The study trip was particularly poignant as it happened in the build up to Remembrance Day, which many cadets will mark in their hometowns with parades and fundraising activities.
Cadets from across Wales take part in unique Somme battlefield study
During October half term 32 CCF and ACF cadets from across Wales travelled to France as part of Exercise Dragon Reflect, a unique battlefield study at sites of the First World War.
Colonel David Hammond, Colonel Cadets of Wales, said: “There were few households in Britain that were untouched by the events of the Great War. A century on, it’s unsurprising that the conduct of that global struggle figures large in the collective memory of modern Britain.
“In this centenary period of commemoration, it is especially fitting that our cadets and adult volunteers have the opportunity to gain greater understanding of the parts played by their forbears through Operation Reflect and Exercise Dragon Reflect.”
Operation Reflect and Exercise Dragon Reflect aim to ensure that people around the United Kingdom remember the sacrifices of Service Personnel, who fought to protect the freedoms and values that we now enjoy.
The long-running Operation Reflect competition was arranged and facilitated by 160th Infantry Brigade and Headquarters Wales, the only Brigade to run a competition that takes the winners to the battlefields.
Cadets across Wales competed to take part in Exercise Dragon Reflect by producing a Remembrance themed research project about Passchendaele.
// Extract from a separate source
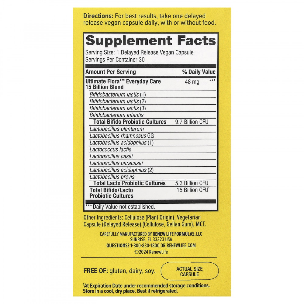 Капсула с отсроченным высвобождением. Желудочная кислота может разрушить пробиотики. Капсулы с отсроченным высвобождением от Ultimate Flora™ обеспечивают попадание в кишечник более безопасных пробиотиков.

Following the project, four teams of cadets (from Treorchy School Combined Cadet Force, Clwyd and Gwynedd, Dyfed and Glamorgan, and Gwent and Powys ACF) were selected to take part in the Exercise - and for many cadets this was their first experience of travelling abroad.
The first stop for the cadets was a visit to the Thiepval Memorial to the Missing of the Somme, followed by a number of other key sites including Fricourt Cemetery, where 17,000 German soldiers were buried, and the site where the 38th (Welsh) Division fought at Mametz Wood. At each of the key sites of the battlefield study tour the teams were challenged to produce a presentation, based on their research in to the sites and the back-stories of people who were part of the First World War.
The trip was led by experienced battlefield historian and guide Lieutenant Colonel Ian R Gumm TD and was funded under Operation Reflect, the Army's five-year commemoration of the First World War.